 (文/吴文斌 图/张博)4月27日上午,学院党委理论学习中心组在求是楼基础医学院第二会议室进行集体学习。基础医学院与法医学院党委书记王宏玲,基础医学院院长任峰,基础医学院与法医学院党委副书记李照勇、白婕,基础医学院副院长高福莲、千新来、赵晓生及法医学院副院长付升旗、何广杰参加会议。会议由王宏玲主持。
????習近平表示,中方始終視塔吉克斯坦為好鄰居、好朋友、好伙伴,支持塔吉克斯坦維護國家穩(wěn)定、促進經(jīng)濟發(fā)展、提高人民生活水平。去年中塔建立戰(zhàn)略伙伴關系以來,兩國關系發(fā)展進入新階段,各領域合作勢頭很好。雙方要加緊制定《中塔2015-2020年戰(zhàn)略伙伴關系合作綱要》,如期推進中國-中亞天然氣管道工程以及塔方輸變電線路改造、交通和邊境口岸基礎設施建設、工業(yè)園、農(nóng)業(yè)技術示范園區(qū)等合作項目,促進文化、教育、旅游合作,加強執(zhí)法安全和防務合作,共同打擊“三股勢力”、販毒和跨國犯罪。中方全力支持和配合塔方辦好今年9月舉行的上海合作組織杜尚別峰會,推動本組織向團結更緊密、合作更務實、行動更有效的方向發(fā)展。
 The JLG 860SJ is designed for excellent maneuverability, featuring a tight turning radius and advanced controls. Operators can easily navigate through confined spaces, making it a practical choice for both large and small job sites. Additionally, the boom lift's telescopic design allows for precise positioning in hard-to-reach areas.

• • •

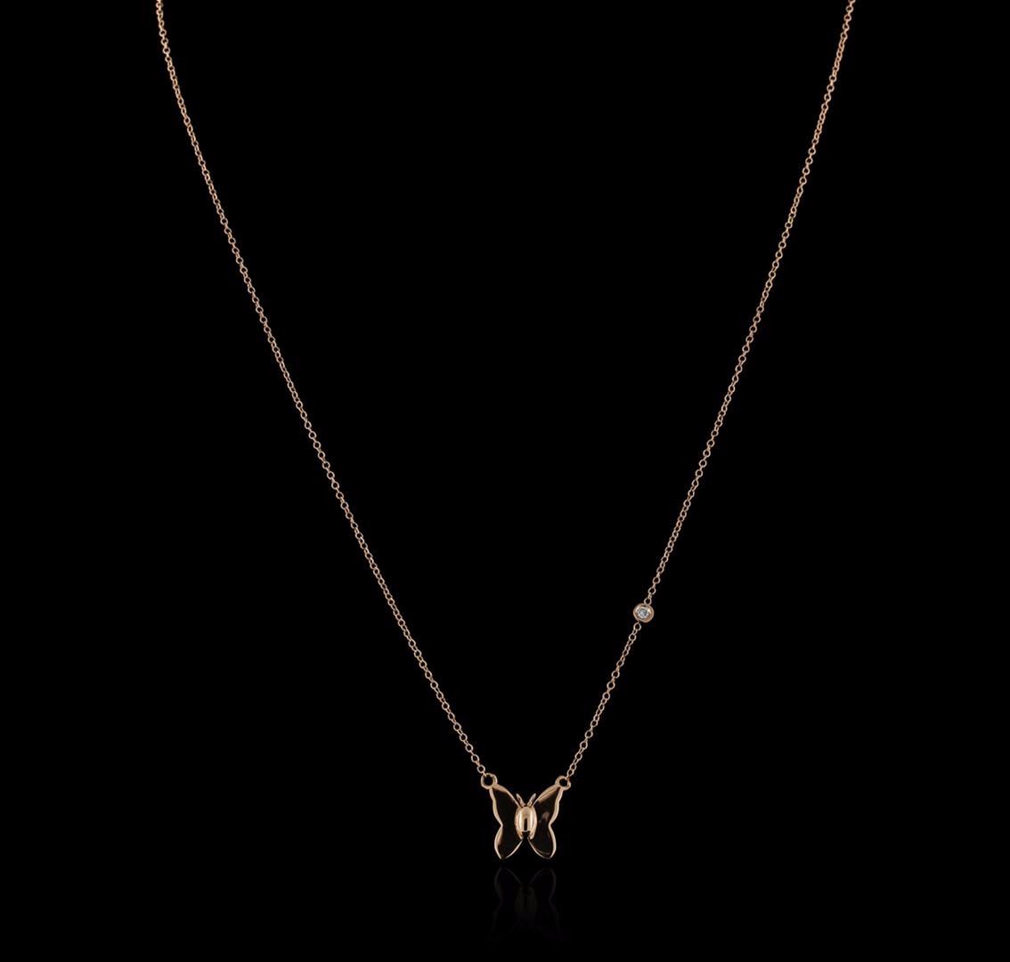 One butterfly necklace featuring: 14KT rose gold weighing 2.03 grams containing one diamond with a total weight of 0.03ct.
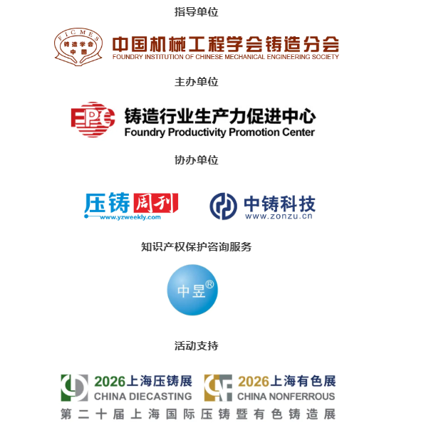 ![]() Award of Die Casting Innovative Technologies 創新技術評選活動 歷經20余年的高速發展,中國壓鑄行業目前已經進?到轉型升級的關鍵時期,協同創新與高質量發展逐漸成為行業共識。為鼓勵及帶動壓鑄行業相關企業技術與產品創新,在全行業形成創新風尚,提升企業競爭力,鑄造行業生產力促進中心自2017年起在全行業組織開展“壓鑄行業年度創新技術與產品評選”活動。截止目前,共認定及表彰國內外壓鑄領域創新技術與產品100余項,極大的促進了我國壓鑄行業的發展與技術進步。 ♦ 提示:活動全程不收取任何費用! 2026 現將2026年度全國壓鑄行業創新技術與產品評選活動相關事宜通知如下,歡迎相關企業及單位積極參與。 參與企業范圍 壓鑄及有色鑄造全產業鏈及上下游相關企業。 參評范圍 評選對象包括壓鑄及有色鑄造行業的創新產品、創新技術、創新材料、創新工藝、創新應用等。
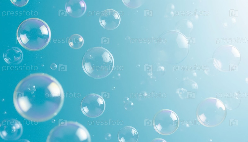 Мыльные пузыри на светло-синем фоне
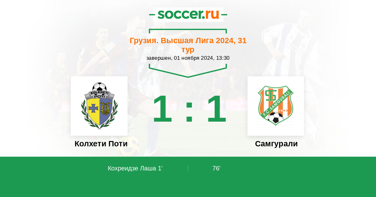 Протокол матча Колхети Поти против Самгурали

• • •

What this task involves: Look above for the line holding "Мыльные пузыри на светло-синем фоне" and output everything from it down to the line holding "Протокол матча Колхети Поти против Самгурали", both ends included, exactly and without images.

Output:
 Мыльные пузыри на светло-синем фоне
 Протокол матча Колхети Поти против Самгурали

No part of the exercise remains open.